We'll now setup the FSM as a Cycle.js application. You can fork the Stackblitz demo code and start coding or set up a Cycle.js application. For the latter, create a folder:

mkdir my-second-robot-program
cd my-second-robot-program

Download package.json, .babelrc, index.html, create an empty index.js file in the folder, and run npm install to install the required npm packages.

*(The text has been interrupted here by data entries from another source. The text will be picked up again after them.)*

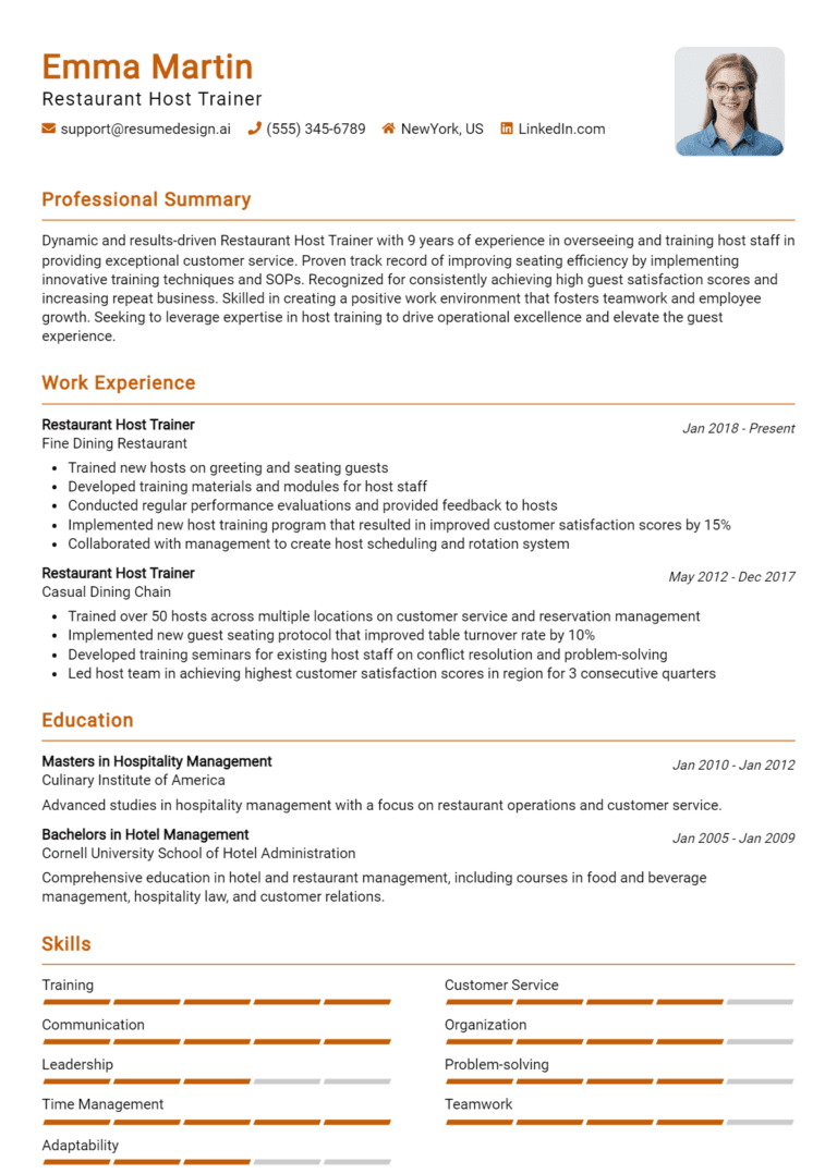 11 Restaurant Host Trainer Resume Examples And Templates for 2025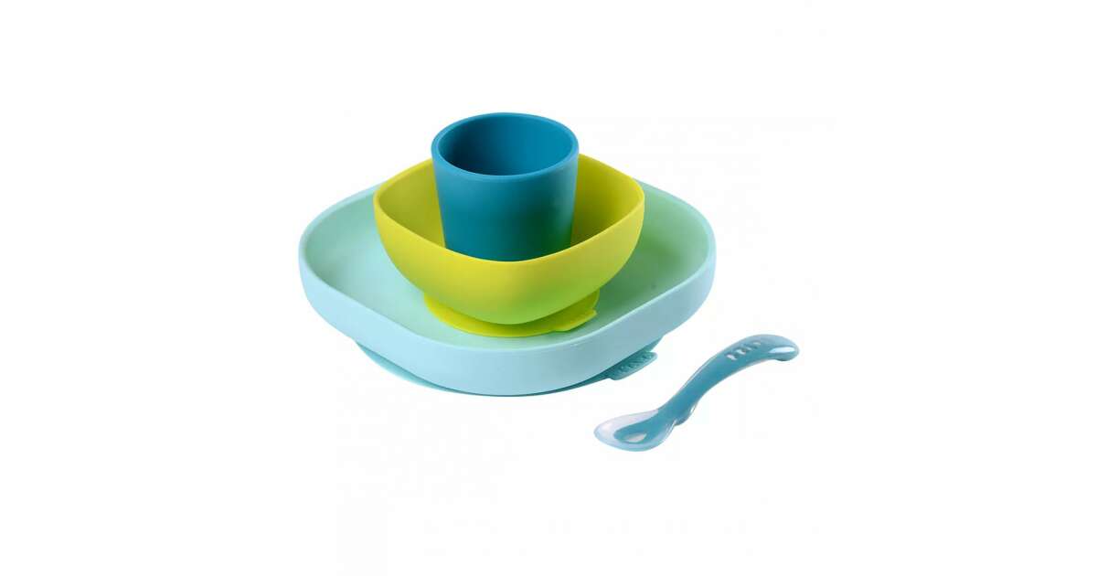 Beaba Szilikon Bébi Étkezőszett - 4 db - Kék vélemények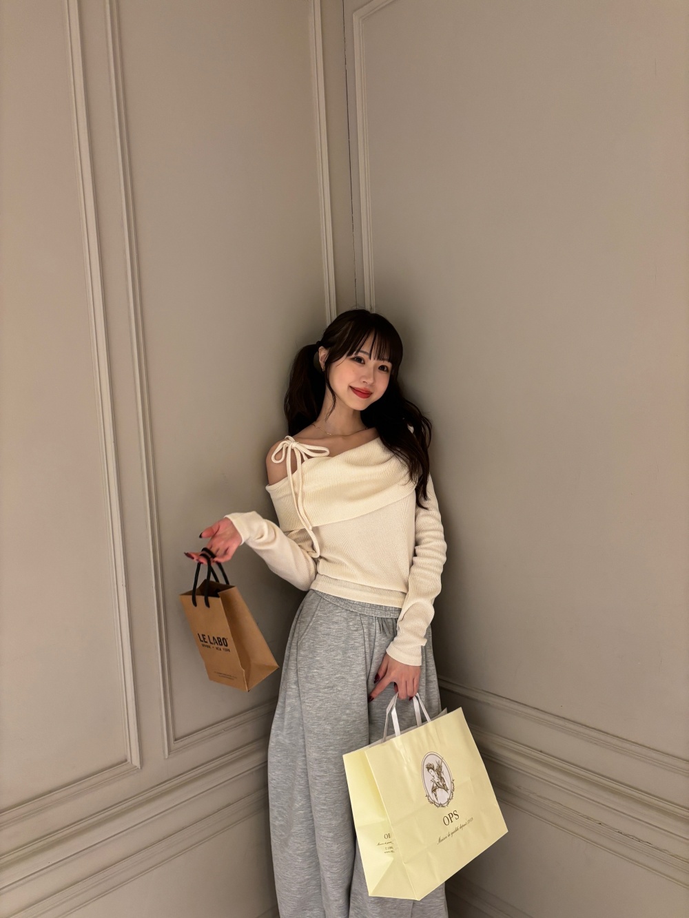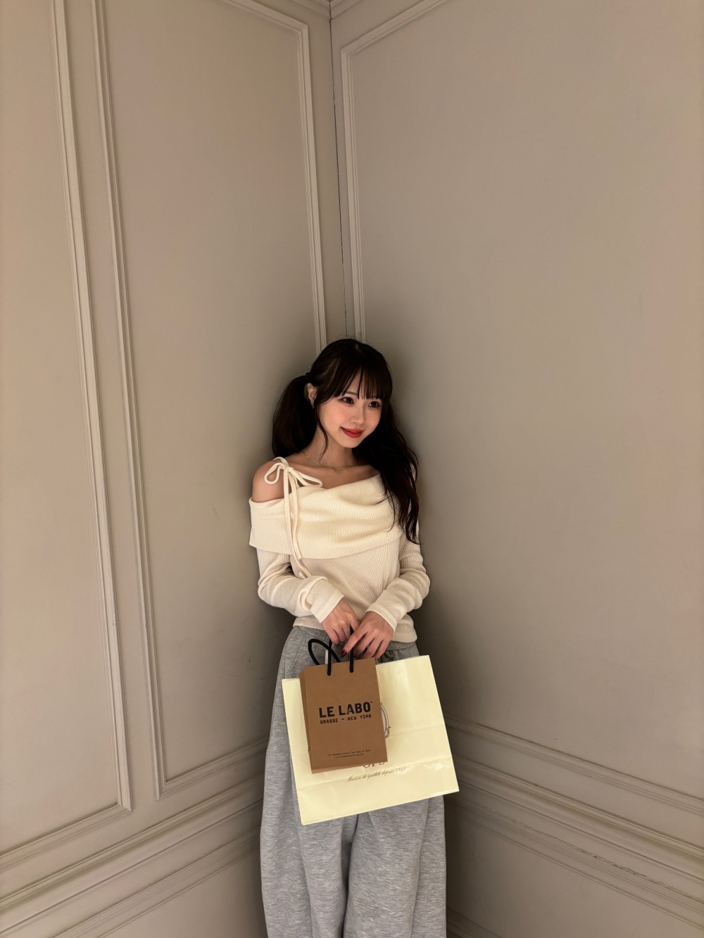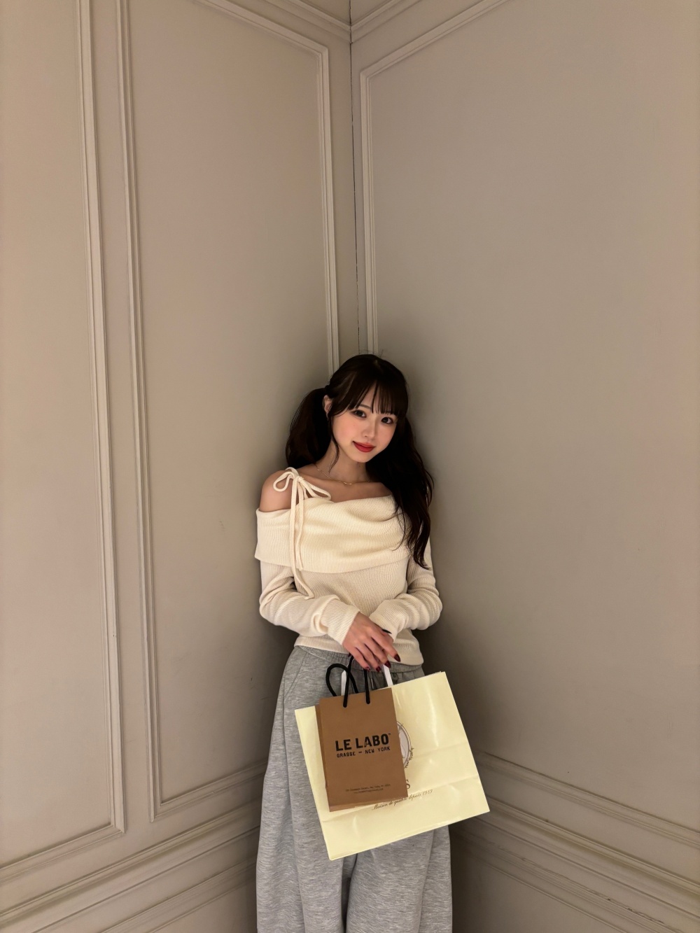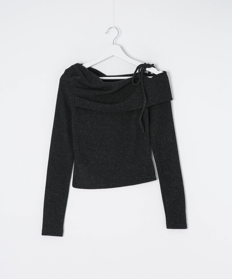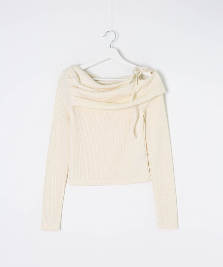 STS64801 리본 스트랩 골지 오프숄더 티셔츠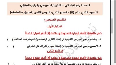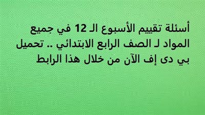 أسئلة تقييم الأسبوع الـ 12 في جميع المواد لـ الصف الرابع الابتدائي.. تحميل بي دى إف الآن من خلال هذا الرابط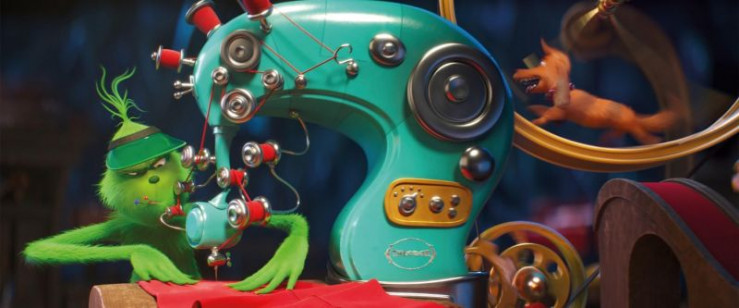 Der Grinch näht mit Hilfe seines Hundes Max sein falsches Weihnachtsmannkostüm.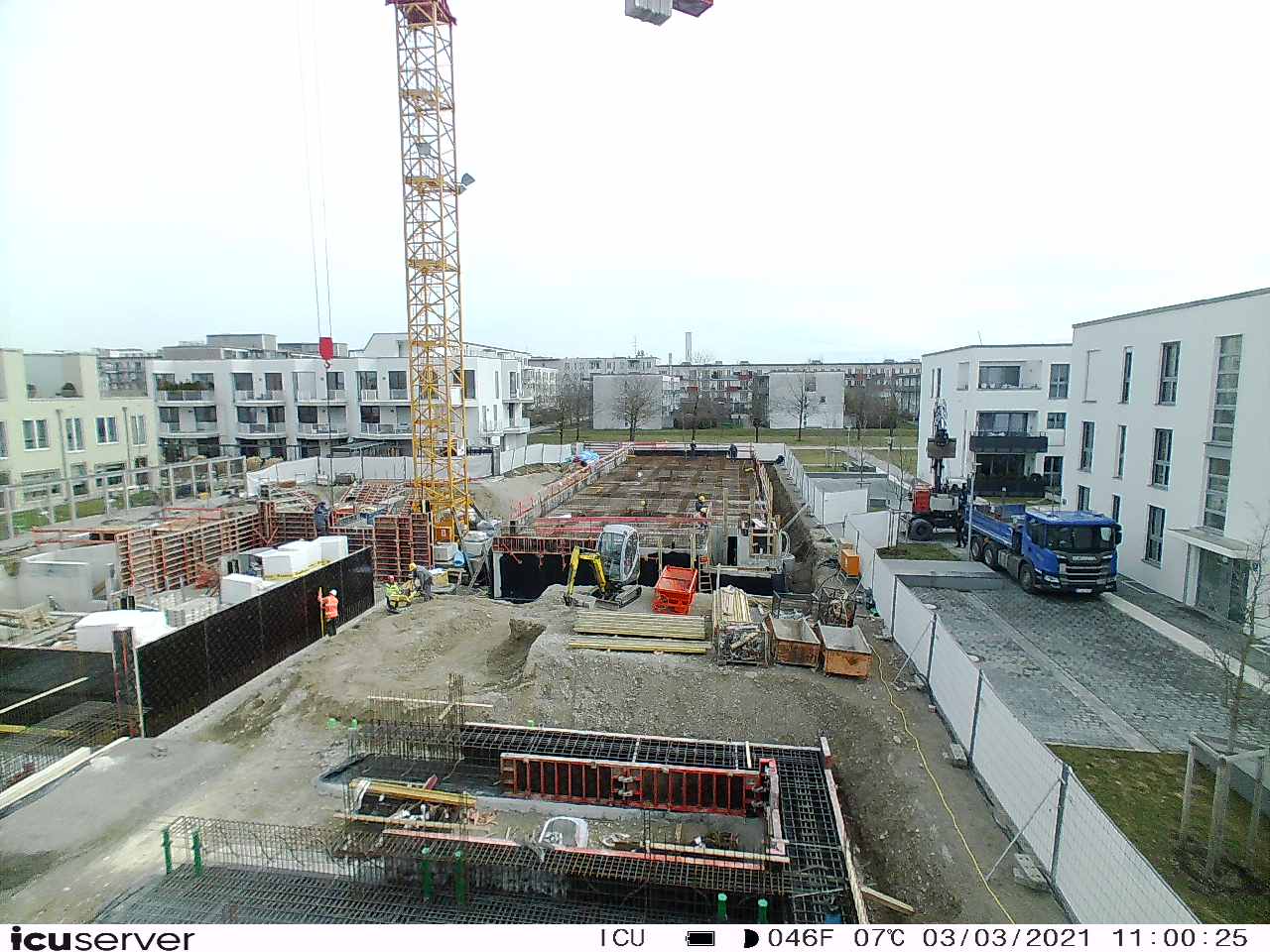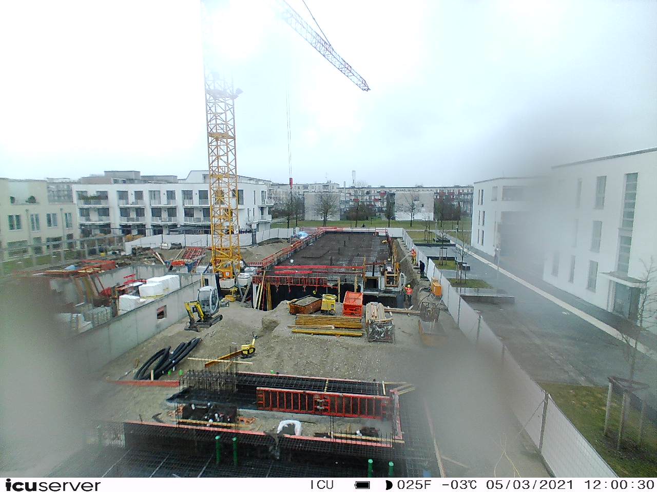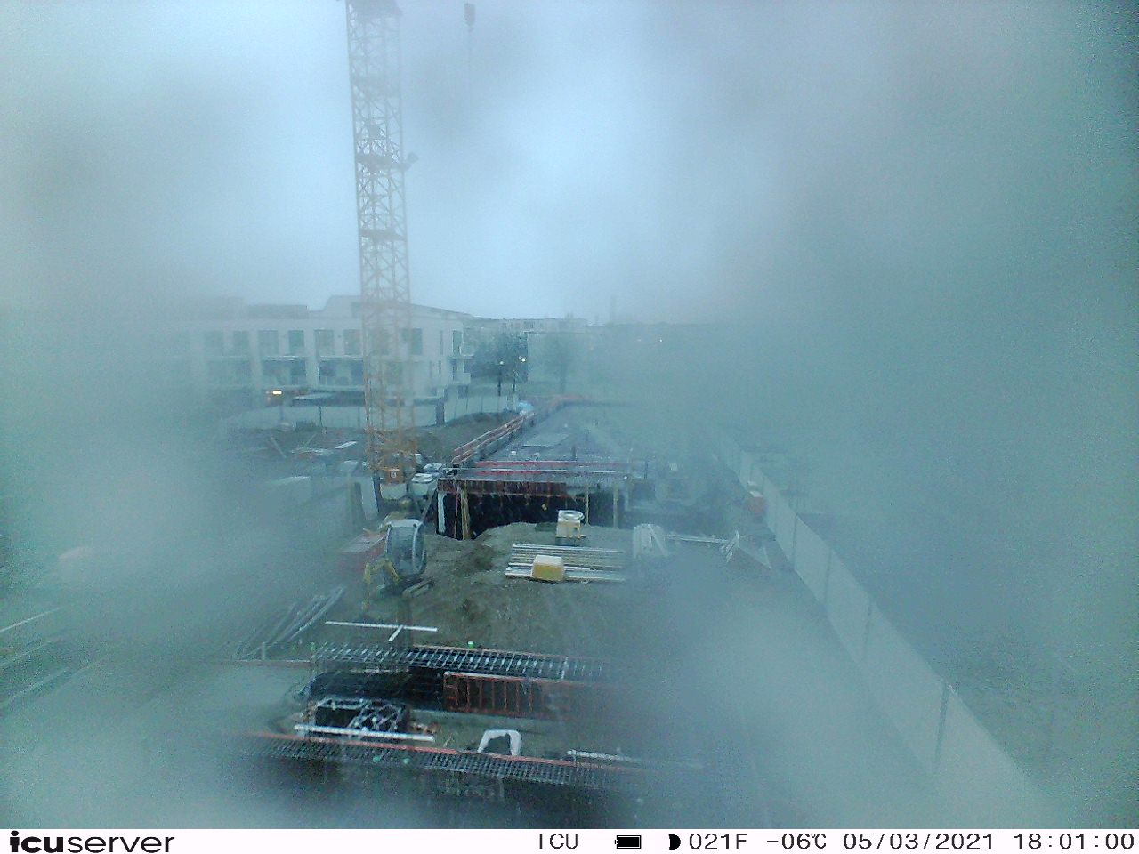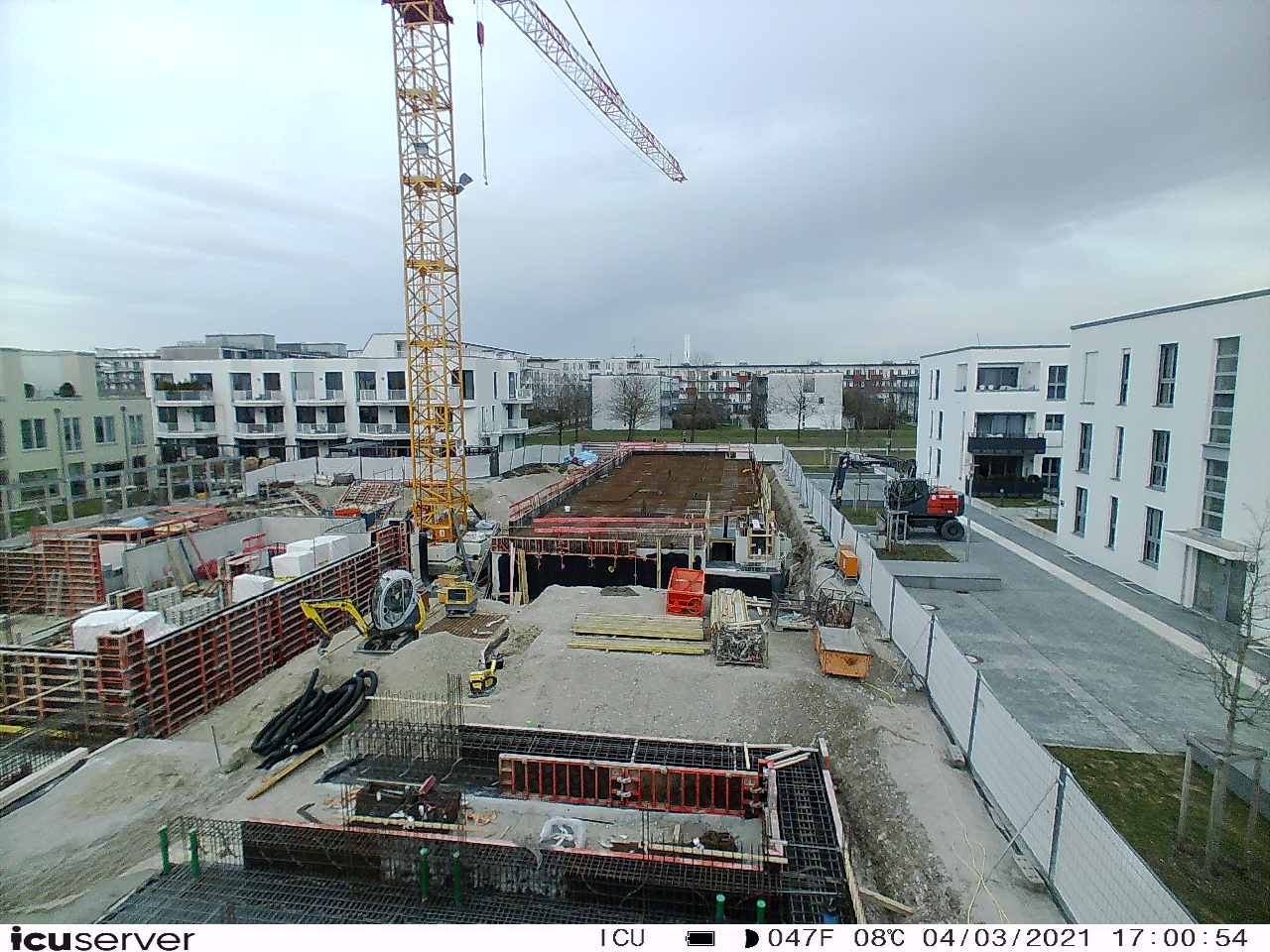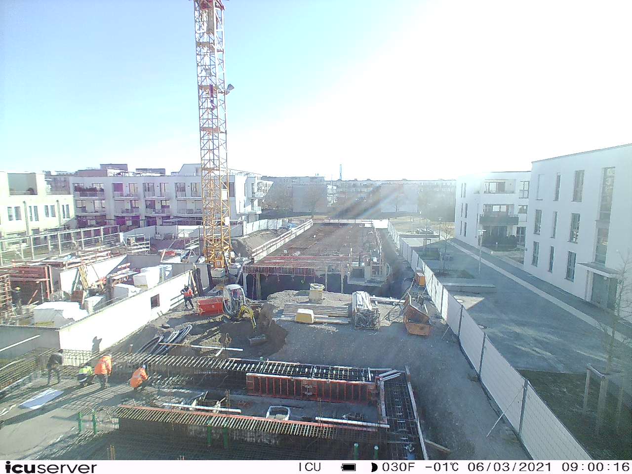 Die Kamera steht am westlichen Ende der Baustelle. Sie blickt nach Osten. Bilder: 26. Februar - 13. August 2021.

After installing, you can run npm start to build and start the web application--that does nothing at this point.

Now add the following code in index.js:

import xs from 'xstream';
import {runRobotProgram} from '@cycle-robot-drivers/run';

const State = {
// ...
const InputType = {
// ...
function transition(state, variables, input) {  // a dummy transition function
// ...

function input(  // a dummy input function
  start$,
  speechRecognitionActionResult$,
  speechSynthesisActionResult$,
  poses$,
) {
  return xs.never();
}

function output(machine$) {  // a dummy output function
  return {
    SpeechSynthesisAction: xs.never(),
    SpeechRecognitionAction: xs.never(),
    TabletFace: xs.never(),
  };
}

function main(sources) {
  const input$ = input(
    sources.TabletFace.load,
    sources.SpeechSynthesisAction.result,
    sources.SpeechRecognitionAction.result,
    sources.PoseDetection.poses,
  );

  const defaultMachine = {
    state: State.PEND,
    variables: {
      sentence: null,
    },
    outputs: null,
  };
  const machine$ = input$.fold((machine, input) => transition(
    machine.state, machine.variables, input
  ), defaultMachine);

  const sinks = output(machine$);
  return sinks;
}

runRobotProgram(main);

If you run the application, it should load a robot face that still does nothing on your browser.

The most important thing to notice here is that we divide the main function into three functions; input, transition, and output. The input function takes incoming streams in sources and returns a stream that emits the FSM's input values. We then use the fold xstream operator on the returned stream ($input) to trigger the FSM's transition function. Note that the fold operator is like Array.prototype.reduce for streams; it takes

  1. an accumulator function that takes an emitted value (e.g., an FSM input value, input) and a previous output of the accumulator function (e.g., the latest FSM status, machine) or a seed value and
  2. an initial output of the accumulator function (e.g., the initial FSM status, defaultMachine).

Finally, the output function takes the stream that emits FSM status ($machine) and returns outgoing streams.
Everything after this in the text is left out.